What about creating a program acting as both SMTP and POP3/IMAP proxy server that included all the logic to do encryption and would encrypt/decrypt messages transparently?
If this logic was moved out of Email clients we could get a solution working universally for each and every Email client out there.


How this could work

Imagine you sending an email to someone you've never sent an email to. You write the message in your Email client as you are used to and hit the send button. Now, instead of connecting to your SMTP server the E-Mail client would connect to the Email proxy program and submit the message there.

At this point the program would check the email sender and recipient. If the sender does have a public/private key pair and the recipient's public key is known the program would prompt you for the passphrase to your encryption key. After entering the passphrase and hitting a button (send, sign, encrypt, I guess you can think of a more appropriate name) again the message would be encrypted and then forwarded to your SMTP server.

On the other hand, if the public key of the recipient is not known (and cannot be fetched off key servers) the program could send a message informing the recipient that you wanted to encrypt your email, but were unable to do so, explain that this program exists, where to get it from, how to set it up, why encryption is important, and so on. I can imagine having a hard-fail mode, sending only this message and a soft-fail mode, attaching or including the automatically generated message somehow (attach it, inline it, etc.) to the original message. Either way, the generated message should be cryptographically signed.

Receiving mail would work the other way around. The proxy would try to fetch messages off all configured IMAP/POP3 servers on its own, check if they are signed. If a signed message arrives the public key should be, if not already done, be imported into the local keyring. As for encrypted messages this should happen the same way, plus decrypting the message.
The Email client would connect to the IMAP/POP3 proxy server and fetch (the decrypted) messages from it.
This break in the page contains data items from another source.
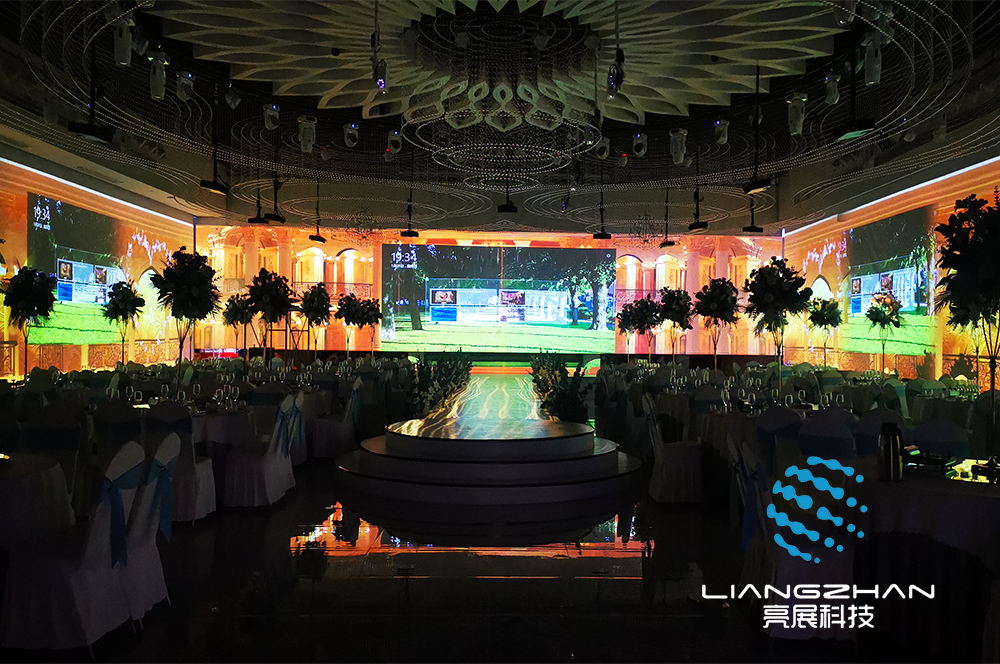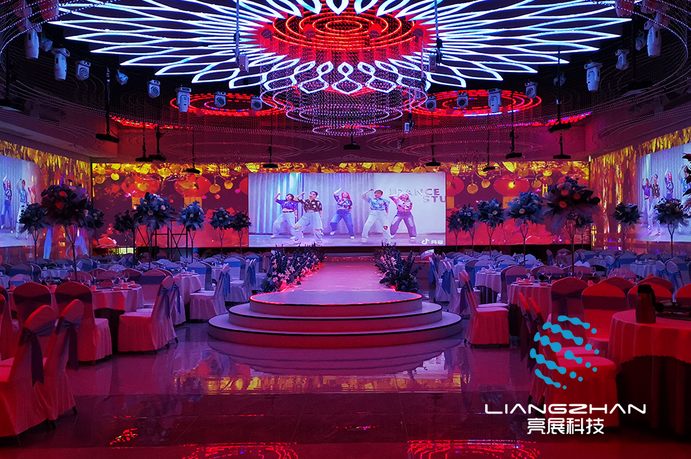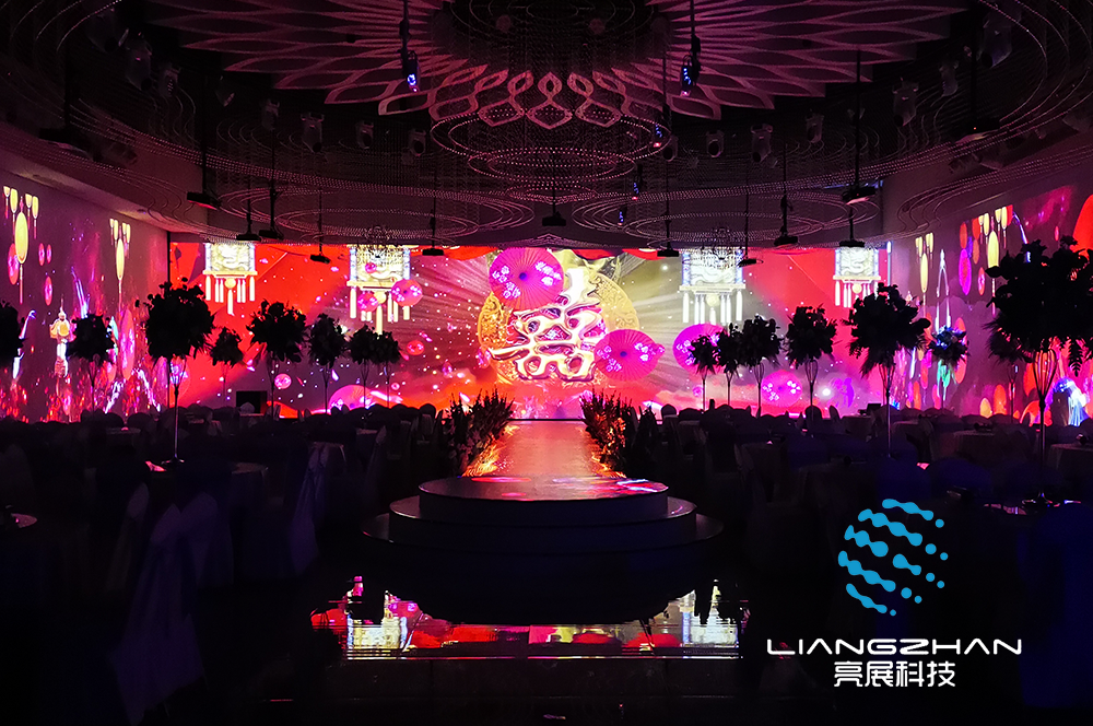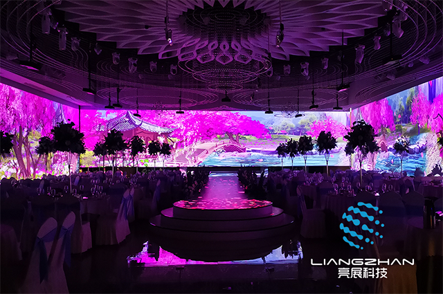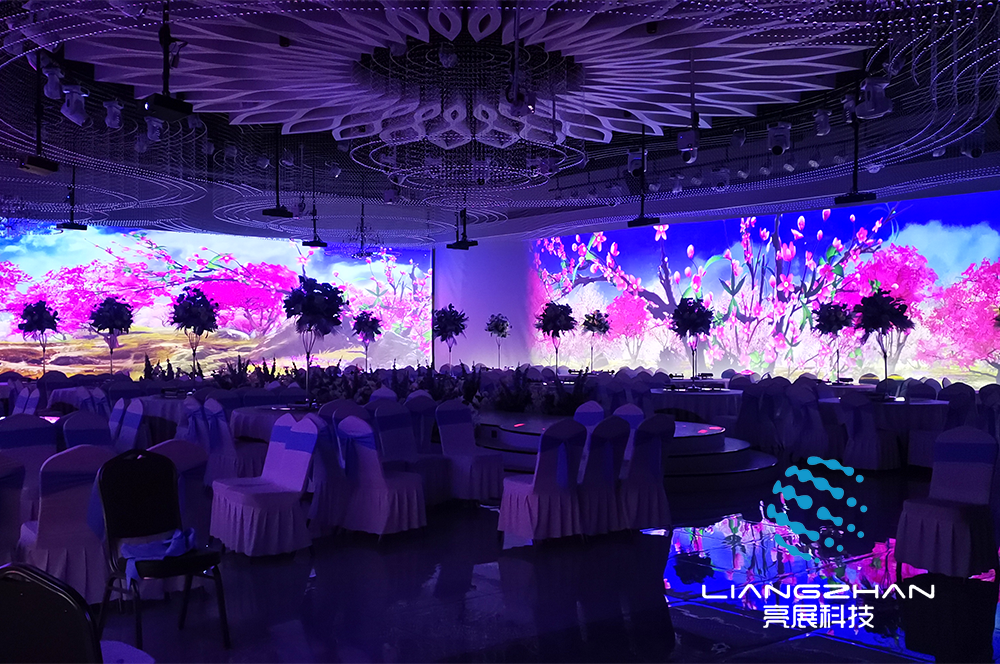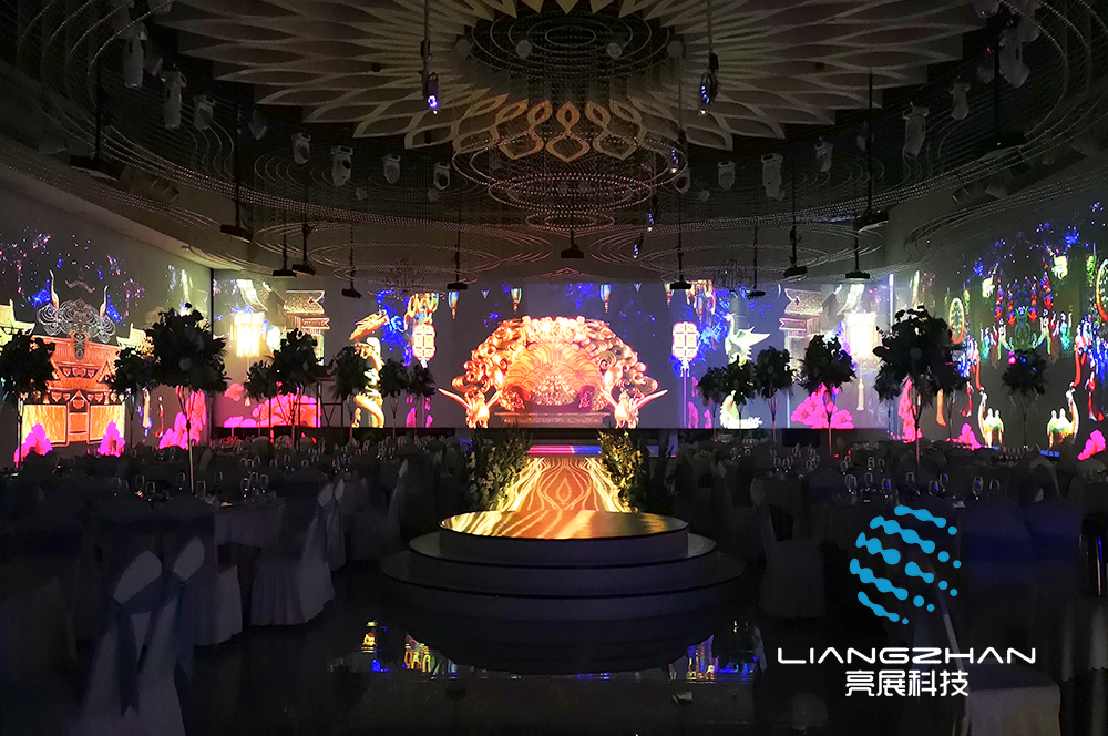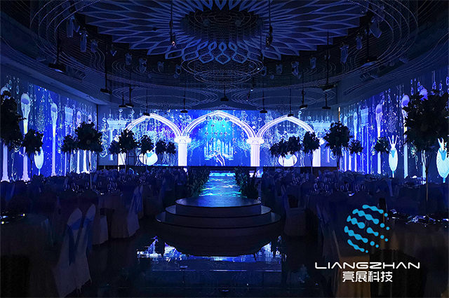 全息宴會(huì)廳是將全息投影、T臺(tái)互動(dòng)、舞美道具、婚紗投影、燈光、音響、聲光電等科技元素整合到宴會(huì)廳中, 在相互配合的基礎(chǔ)上,通過(guò)觸控選擇模式,呈現(xiàn)出沉浸式效果視覺(jué)盛宴,原始森林、海底世界、浪漫花海、實(shí)現(xiàn)各個(gè)場(chǎng)景的瞬間切換置身其中,改變了傳統(tǒng)宴會(huì)廳道具固定的形式。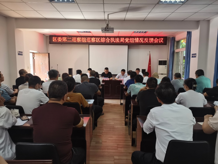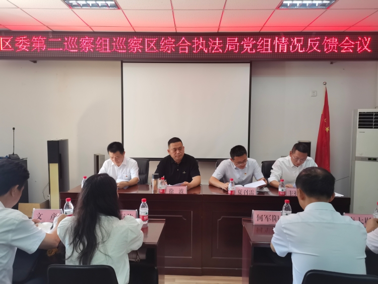 2023年5月17日,党组书记、局长陈建宇在区环卫汽车队二楼会议室召开区委第二巡察组巡察区综合执法局党组情况反馈会议。区委常委、政法委书记徐波出席会议并发表讲话,区委组织部常务副部长、区委巡察工作领导小组成员夏召雷出席会议,并就存在问题的整改工作提出了明确要求。区委第二巡察组全体人员、区纪委监委党风政风室副主任刘雨佳、区综合执法局全体职工及服务对象代表(自强清洁有限公司、行建城市环卫服务有限公司)参加会议。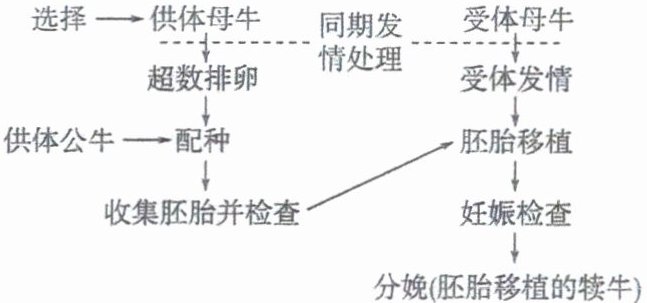 1. 在胚胎移植中,对供体母畜要进行超数排卵处理,对供体、受体要进行同期发情处理。 (

Both unencrypted and unsigned messages should be marked somehow (think subject re-writing here and maybe adding an X- header). However, no automatic sending of emails should happen when receiving messages as the From header could be forged (spam anyone?).

Features of the program

The program I have in mind should include the following features:

  • GPG key management (creating, distribution to keyservers, etc).

  • Automatic encryption/decryption and signing/checking signatures.

  • Non-technical, so everyone can use it.

  • Support multiple IMAP/POP3 and SMTP servers, so it can act as a central point for storing all Emails a user could receive.

  • Cross-platform functionality (Java? Python?)

  • Free Software


Plans

I would love to implement this program, but fear that this could be way too much work for a single person. If you are interested in helping with the implementation or simply have any comments feel free to either drop me an email at blog at sp dot or dot at or use the blog's comment function.

I hope I did explain my idea clear enough and did not miss anything.

Happy hacking!

1 comment:

  1. It sounds like you're suggesting connecting everyone's mail clients to a big public keyserver. That's fine, it's hard to get people to use keyservers though and it's something than I'm not sure a lot of people would be happy with.

    How would you feel if you sent email and all your recipient got was "Please install PGP" ? It's a hassle and that's going to annoy people, as soon as you include an option to remove this feature you'll have people posting "How to stop **** from messing with your emails" tutorials online, so that breaks it.

    It's very difficult to get everyone to use encryption but I don't think the way to do it is with technology. There's already ways to get keys from the internet so you don't need to have met someone and yet they're still only used by people who know they need them. Education's still the only way to fix it.

    Although, anything which messes up the government's warrantless taps is good.